Replies are listed 'Best First'.
Re: HTML escape char?
by pc88mxer (Vicar) on Mar 25, 2008 at 05:30 UTC
    Use the encode_entities function from the HTML::Entities module:
    use HTML::Entities; my $text = ...; my $encoded_text = encode_entities($text);
    If you want to force the use of numeric (hexadecimal) character references, you can use the encode_entities_numeric function.

    The other issue is that you shouldn't be mixing text and entity encoded text in the same string. For instance, if you have a string with contents &amp;, you should first decode that string so that it is represented by the single character string &. Then after you are done manipulating it, re-encode it to use entity references using the encode_entities function. From the way you describe your problem, it sounds like you could be running into this issue.

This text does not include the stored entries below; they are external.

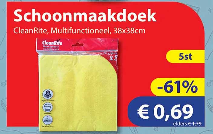 Wil je direct op de hoogte zijn zodra de Schoonmaakdoek in de aanbieding is? Meld je aan voor onze aanbiedingen-alert. Zo krijg je een melding zodra het product tegen een voordelige prijs beschikbaar is.
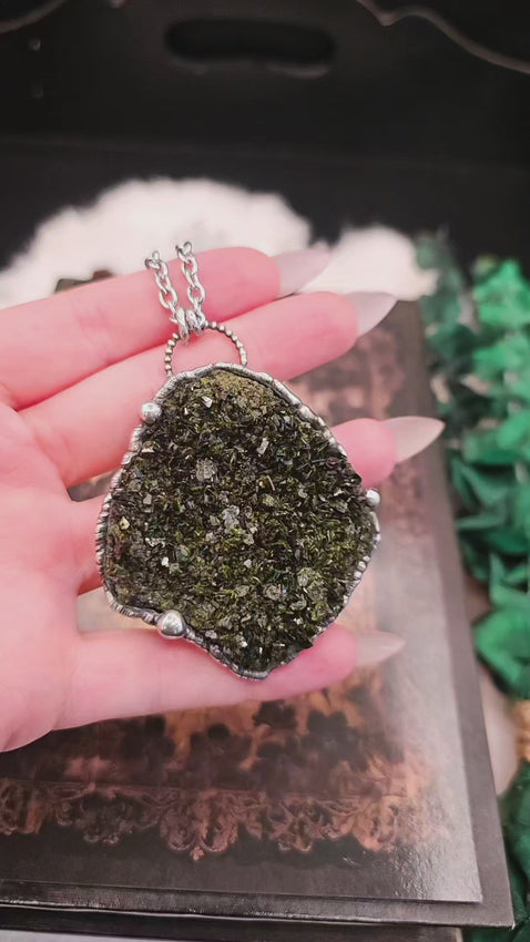 Fairy Forest Epidote Pendant! Epidote is known for Earth Connection: Helps you feel more in tune with nature and the Earth! Epidote symbolizes manifestation, karma, and personal growth.
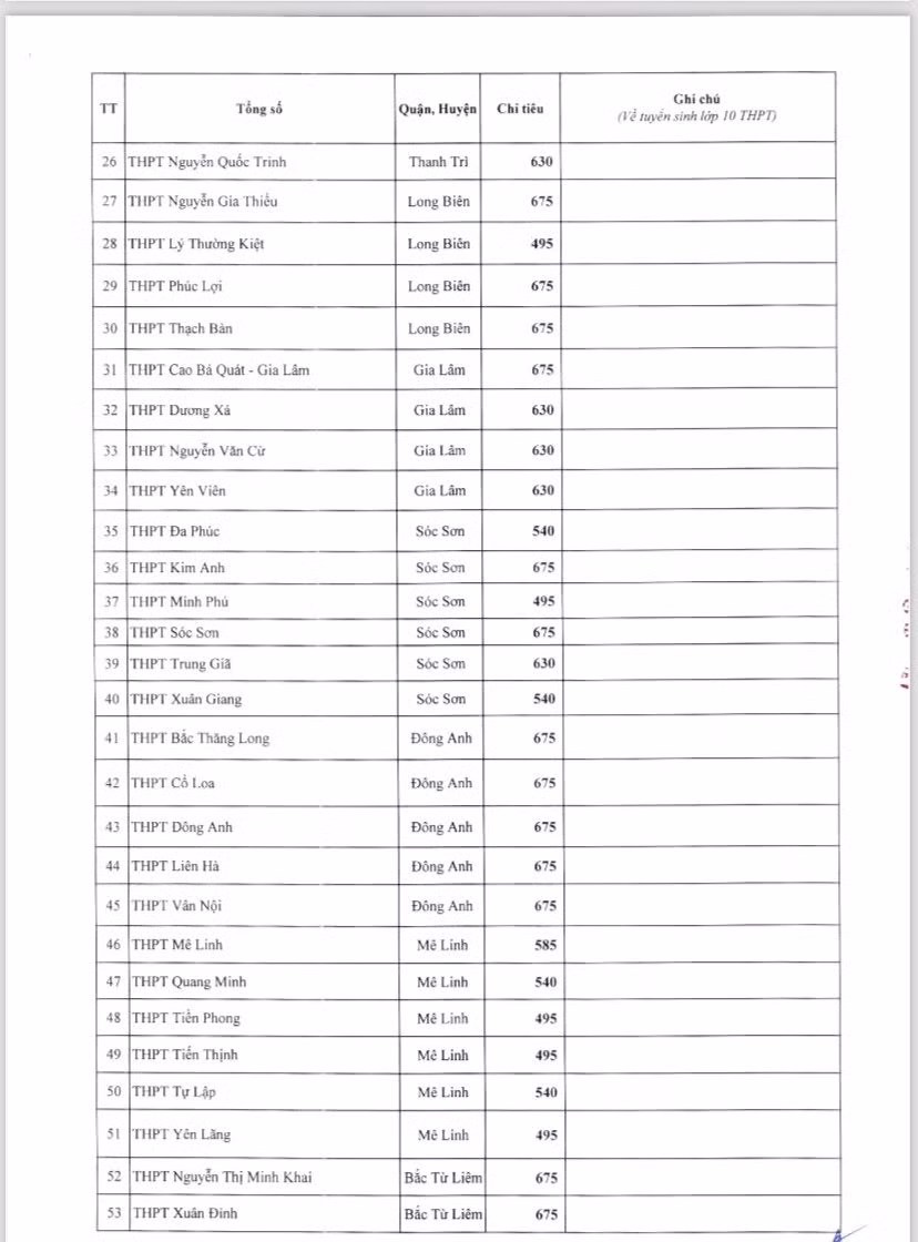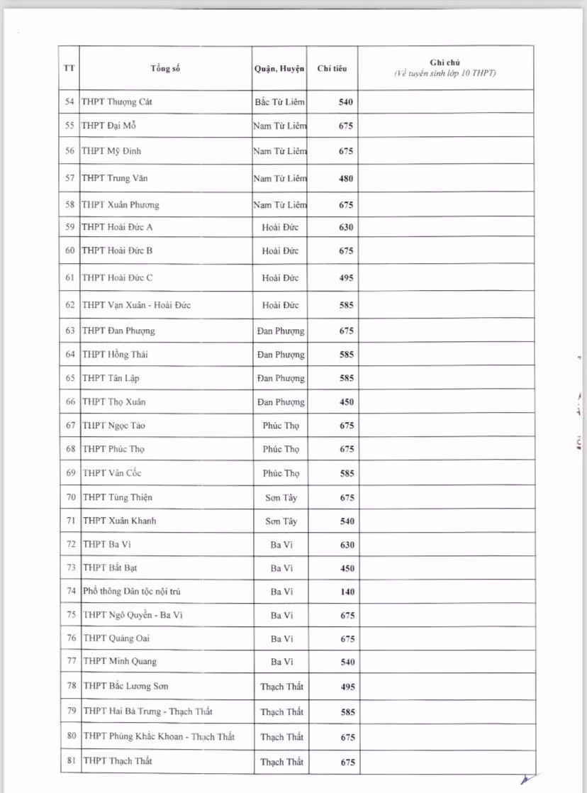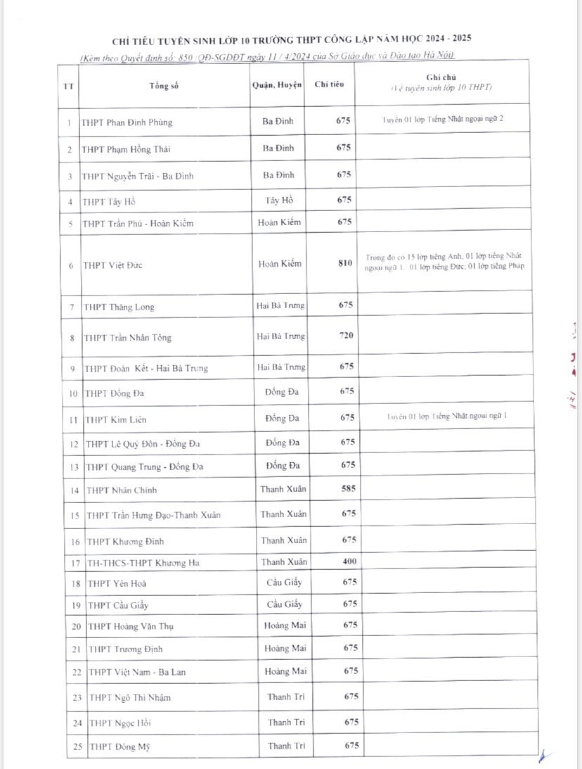 Sở GD-ĐT Hà Nội vừa công bố chi tiết chỉ tiêu vào lớp 10 các trường THPT công lập trên địa bàn thành phố.

If you describe more about how your XML is being generated, we can tell you if indeed this is the case or not.

Re: HTML escape char?
by Your Mother (Archbishop) on Mar 25, 2008 at 06:46 UTC

    Always a module for this kind of thing. It might feel like more work to set up but you will save yourself hours of learning the hard way otherwise.

    You'll also need well formed block tags around your text. Strict XHTML doesn't allow naked flow tags in the body. There are a lot of ways to do this, the one I like a lot is using XML::LibXML as an XHTML filter/writer.

    Semi-tested minimalist version. You'll have to manipulate/add headers and the <html/> yourself-

    use strict; use warnings; use XML::LibXML; local $/ = "\n\n"; my $doc = XML::LibXML::Document->createDocument(); my $root = $doc->createElement("body"); $doc->setDocumentElement( $root ); while ( my $para = <DATA> ) { chomp $para; my $p = $doc->createElement("p"); my $txt = $doc->createTextNode( $para ); $p->appendChild($txt); $root->appendChild($p); } print $doc->serialize(1); __DATA__ Some arbitrary text > some fixed text & that's okay. XHTML is fun with L<XML::LibXML>.
    Yields-
    <?xml version="1.0"?> <body> <p>Some arbitrary text &gt; some fixed text &amp; that's okay.</p> <p>XHTML is fun with L&lt;XML::LibXML&gt;. </p> </body>
    Update: LibXML can be a bit daunting. Here is a quicky you can use to just get the block level (the <p/>s) tags out of the document. print $_->serialize(1), $/ for $doc->getDocumentElement->childNodes;